From the data below, return the exact lines starting at the line containing "My Foodie Tales: Colour, Trace" and ending at the line containing "小书包app怎么找书源,该应", both included, and nothing else.

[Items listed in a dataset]
----------
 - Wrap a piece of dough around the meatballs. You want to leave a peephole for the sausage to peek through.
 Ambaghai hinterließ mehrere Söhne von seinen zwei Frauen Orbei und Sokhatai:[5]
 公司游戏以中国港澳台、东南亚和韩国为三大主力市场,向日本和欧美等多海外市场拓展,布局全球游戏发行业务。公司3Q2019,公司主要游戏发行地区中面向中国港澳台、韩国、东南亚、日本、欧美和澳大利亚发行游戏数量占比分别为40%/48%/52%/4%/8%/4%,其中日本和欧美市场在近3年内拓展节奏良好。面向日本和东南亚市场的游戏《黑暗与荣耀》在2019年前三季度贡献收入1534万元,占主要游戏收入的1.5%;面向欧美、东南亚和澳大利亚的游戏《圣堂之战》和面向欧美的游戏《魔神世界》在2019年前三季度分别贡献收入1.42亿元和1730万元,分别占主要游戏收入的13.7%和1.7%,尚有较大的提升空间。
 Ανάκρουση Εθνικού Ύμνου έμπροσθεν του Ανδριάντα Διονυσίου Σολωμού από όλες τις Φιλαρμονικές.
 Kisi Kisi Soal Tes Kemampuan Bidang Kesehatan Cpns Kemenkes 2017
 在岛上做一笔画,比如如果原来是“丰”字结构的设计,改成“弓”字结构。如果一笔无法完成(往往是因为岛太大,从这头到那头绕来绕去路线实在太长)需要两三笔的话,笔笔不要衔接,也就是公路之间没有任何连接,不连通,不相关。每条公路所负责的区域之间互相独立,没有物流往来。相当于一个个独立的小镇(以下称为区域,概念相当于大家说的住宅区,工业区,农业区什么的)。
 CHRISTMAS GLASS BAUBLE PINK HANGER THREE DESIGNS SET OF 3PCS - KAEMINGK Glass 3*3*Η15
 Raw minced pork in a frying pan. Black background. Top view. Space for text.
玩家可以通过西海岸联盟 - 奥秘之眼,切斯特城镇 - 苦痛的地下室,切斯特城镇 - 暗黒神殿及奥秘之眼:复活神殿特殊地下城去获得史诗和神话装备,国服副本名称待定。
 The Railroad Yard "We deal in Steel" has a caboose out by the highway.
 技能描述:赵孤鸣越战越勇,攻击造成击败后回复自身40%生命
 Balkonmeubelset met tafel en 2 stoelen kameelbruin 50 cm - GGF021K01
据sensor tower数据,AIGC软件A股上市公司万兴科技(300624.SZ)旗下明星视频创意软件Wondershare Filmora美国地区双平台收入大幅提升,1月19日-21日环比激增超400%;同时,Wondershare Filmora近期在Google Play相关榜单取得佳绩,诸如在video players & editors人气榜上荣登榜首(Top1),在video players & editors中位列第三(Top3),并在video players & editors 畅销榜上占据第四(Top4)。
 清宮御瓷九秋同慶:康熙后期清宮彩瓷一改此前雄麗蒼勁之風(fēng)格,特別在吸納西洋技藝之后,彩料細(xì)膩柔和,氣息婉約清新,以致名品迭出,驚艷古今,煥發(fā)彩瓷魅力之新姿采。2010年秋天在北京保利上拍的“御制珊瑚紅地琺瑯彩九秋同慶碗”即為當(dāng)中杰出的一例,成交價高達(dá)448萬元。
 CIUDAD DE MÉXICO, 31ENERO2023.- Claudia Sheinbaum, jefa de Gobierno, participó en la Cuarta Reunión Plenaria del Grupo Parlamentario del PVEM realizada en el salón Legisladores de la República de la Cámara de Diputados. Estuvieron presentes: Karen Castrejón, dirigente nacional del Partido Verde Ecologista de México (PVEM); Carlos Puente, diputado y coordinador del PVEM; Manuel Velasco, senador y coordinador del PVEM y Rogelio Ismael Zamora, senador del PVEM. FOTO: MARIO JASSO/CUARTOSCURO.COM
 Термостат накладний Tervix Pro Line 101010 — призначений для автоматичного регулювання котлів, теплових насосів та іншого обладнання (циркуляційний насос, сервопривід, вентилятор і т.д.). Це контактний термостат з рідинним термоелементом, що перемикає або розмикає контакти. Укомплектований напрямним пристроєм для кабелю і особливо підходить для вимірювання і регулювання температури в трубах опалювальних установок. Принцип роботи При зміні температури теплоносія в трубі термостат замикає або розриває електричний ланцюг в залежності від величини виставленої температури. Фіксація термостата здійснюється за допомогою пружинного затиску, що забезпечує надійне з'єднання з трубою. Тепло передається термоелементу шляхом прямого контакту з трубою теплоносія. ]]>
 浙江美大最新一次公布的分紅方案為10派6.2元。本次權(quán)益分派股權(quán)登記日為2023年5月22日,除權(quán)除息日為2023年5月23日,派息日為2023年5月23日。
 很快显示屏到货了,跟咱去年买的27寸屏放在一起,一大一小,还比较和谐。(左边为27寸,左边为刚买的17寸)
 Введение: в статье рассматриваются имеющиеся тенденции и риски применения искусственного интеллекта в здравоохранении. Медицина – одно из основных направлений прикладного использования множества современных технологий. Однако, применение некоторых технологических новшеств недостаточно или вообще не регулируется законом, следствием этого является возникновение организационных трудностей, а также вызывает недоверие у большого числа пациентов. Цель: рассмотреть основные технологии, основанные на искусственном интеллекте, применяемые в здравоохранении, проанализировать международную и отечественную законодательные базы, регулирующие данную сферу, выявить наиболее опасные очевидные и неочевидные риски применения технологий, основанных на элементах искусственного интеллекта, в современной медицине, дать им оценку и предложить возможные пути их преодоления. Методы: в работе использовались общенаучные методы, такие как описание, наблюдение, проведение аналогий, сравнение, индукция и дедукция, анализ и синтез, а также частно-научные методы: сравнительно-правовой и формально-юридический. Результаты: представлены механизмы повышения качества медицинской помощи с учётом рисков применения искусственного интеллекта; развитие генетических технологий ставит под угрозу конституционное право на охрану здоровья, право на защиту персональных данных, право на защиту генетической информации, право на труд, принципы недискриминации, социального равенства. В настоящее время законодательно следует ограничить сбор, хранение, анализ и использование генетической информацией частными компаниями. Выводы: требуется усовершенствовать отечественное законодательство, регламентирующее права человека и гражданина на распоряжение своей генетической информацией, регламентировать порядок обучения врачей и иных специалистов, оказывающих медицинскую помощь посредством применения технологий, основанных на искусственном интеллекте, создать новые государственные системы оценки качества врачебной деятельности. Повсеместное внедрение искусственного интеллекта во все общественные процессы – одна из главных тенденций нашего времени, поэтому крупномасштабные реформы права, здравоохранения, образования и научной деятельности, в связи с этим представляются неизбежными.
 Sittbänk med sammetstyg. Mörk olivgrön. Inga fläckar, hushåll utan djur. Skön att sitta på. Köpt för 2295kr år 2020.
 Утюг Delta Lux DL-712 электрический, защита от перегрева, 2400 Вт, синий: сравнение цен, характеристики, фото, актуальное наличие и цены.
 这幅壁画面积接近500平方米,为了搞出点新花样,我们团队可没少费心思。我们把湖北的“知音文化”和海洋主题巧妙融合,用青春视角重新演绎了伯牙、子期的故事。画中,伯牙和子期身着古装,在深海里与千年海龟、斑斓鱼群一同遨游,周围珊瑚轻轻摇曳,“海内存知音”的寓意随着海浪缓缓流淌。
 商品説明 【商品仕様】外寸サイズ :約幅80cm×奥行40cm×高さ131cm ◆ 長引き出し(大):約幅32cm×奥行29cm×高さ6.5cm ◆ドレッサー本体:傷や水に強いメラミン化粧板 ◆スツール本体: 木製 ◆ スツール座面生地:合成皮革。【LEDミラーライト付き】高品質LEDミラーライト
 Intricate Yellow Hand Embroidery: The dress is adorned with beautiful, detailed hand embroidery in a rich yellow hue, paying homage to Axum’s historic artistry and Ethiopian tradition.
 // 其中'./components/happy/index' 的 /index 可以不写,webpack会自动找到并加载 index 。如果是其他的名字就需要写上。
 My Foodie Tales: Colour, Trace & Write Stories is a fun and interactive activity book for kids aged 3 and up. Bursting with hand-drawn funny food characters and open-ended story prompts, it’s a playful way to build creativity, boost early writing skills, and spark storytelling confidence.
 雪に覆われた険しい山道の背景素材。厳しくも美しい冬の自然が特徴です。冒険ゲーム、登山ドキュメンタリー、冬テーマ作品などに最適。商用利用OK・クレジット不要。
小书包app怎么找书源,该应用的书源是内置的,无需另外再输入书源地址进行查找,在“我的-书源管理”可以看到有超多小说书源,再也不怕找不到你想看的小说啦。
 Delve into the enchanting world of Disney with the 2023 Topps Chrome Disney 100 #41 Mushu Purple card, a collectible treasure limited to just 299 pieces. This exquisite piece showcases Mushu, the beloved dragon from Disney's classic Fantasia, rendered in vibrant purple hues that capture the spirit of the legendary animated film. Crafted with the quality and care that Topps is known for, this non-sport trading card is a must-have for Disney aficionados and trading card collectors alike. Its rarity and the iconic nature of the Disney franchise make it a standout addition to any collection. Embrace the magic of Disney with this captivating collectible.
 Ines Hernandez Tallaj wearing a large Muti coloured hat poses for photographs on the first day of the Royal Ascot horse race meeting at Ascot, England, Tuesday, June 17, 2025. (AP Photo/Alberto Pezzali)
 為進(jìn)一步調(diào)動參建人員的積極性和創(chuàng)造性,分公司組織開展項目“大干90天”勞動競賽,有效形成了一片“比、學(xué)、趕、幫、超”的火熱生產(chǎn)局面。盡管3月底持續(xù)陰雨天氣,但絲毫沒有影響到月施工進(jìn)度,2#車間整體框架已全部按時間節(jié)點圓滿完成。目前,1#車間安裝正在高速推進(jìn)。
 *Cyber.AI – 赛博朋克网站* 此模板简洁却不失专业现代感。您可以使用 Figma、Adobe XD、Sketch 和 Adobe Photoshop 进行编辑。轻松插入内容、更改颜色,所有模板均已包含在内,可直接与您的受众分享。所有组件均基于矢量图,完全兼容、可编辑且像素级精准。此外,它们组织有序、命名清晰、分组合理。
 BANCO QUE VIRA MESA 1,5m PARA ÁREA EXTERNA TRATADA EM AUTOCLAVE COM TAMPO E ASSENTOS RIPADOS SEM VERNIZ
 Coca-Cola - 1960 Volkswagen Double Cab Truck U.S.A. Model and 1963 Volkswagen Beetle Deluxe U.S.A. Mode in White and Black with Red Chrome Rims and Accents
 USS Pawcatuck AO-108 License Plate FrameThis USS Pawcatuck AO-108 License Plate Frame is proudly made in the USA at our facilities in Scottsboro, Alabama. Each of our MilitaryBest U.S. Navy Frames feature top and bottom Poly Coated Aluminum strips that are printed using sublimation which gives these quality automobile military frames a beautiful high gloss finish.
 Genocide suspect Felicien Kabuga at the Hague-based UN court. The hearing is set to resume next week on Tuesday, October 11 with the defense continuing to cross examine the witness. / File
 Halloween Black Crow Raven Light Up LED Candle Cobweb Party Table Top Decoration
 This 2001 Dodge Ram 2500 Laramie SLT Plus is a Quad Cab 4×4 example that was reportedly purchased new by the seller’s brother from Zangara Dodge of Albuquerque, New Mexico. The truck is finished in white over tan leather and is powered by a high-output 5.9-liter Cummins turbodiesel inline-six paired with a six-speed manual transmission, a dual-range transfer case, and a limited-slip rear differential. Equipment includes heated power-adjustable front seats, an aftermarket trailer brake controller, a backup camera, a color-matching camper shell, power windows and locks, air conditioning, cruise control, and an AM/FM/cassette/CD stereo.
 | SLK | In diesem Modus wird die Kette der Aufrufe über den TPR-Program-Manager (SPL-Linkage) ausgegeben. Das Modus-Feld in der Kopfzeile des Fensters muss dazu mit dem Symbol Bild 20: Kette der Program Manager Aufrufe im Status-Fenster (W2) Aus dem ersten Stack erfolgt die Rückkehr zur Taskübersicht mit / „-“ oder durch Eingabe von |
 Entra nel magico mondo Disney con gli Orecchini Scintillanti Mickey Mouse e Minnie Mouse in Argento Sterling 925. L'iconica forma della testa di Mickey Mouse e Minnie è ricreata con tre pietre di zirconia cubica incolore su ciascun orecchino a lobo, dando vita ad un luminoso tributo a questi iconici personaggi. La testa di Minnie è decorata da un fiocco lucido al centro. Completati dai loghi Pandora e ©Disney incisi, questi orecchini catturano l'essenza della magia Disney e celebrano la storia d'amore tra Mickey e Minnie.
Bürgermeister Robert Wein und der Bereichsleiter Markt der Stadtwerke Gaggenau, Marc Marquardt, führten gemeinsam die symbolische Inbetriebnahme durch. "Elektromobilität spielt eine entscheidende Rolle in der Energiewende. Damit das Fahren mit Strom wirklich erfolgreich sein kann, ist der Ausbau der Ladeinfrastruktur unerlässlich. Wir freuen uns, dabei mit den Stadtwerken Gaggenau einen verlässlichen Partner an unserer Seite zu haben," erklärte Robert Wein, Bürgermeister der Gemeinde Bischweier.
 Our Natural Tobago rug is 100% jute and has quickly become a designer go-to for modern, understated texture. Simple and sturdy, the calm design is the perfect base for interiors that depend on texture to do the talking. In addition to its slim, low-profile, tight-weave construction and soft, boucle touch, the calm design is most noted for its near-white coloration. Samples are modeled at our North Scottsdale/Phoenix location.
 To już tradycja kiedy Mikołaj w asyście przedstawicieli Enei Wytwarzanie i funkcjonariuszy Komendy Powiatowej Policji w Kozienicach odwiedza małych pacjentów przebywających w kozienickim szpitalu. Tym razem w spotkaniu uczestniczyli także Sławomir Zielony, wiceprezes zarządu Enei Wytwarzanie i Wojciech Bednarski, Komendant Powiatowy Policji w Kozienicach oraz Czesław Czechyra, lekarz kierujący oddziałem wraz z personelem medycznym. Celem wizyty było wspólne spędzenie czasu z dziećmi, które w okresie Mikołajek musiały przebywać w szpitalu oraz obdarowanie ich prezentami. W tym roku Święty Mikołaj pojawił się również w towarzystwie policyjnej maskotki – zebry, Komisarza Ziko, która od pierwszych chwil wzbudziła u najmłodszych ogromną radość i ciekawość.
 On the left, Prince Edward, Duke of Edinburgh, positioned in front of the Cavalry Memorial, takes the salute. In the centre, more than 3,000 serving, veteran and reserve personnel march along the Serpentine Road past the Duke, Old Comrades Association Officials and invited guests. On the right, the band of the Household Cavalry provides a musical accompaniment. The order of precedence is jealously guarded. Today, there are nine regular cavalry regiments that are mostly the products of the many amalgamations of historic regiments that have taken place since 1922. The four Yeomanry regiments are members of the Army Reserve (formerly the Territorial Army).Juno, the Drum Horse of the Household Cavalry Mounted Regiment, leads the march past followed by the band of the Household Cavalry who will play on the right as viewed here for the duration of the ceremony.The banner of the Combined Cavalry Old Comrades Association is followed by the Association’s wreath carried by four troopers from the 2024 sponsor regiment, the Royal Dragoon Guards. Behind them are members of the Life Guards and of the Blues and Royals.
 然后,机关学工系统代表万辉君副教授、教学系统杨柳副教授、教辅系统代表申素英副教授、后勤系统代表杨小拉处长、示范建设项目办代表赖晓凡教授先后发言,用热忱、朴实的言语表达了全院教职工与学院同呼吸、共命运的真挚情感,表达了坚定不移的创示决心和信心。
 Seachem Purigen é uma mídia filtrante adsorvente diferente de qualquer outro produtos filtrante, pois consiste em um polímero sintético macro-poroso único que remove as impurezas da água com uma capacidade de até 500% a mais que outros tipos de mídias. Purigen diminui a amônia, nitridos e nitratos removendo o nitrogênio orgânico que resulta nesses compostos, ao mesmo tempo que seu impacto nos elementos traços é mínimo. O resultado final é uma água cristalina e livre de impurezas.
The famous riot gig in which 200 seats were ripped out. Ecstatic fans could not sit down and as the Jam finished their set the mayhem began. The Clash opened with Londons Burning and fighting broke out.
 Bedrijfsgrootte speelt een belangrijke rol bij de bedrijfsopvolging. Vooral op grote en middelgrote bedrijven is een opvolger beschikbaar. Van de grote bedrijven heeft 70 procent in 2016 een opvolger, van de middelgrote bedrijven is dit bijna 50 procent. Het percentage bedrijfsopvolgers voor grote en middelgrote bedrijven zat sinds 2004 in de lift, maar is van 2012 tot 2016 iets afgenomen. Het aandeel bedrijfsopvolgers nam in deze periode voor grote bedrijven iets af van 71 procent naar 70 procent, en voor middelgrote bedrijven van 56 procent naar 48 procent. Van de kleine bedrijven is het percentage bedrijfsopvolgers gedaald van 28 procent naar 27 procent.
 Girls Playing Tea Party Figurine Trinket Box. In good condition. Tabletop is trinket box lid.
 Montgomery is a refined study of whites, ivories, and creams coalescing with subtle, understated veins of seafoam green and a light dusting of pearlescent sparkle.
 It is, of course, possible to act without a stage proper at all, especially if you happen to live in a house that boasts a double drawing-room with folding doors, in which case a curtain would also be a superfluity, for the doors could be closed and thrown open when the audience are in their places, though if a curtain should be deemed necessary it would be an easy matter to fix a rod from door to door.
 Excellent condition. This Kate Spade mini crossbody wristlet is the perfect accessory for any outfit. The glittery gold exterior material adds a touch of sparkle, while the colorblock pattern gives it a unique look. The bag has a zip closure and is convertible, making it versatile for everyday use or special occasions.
----------
* **Result below**:
 My Foodie Tales: Colour, Trace & Write Stories is a fun and interactive activity book for kids aged 3 and up. Bursting with hand-drawn funny food characters and open-ended story prompts, it’s a playful way to build creativity, boost early writing skills, and spark storytelling confidence.
 雪に覆われた険しい山道の背景素材。厳しくも美しい冬の自然が特徴です。冒険ゲーム、登山ドキュメンタリー、冬テーマ作品などに最適。商用利用OK・クレジット不要。
小书包app怎么找书源,该应用的书源是内置的,无需另外再输入书源地址进行查找,在“我的-书源管理”可以看到有超多小说书源,再也不怕找不到你想看的小说啦。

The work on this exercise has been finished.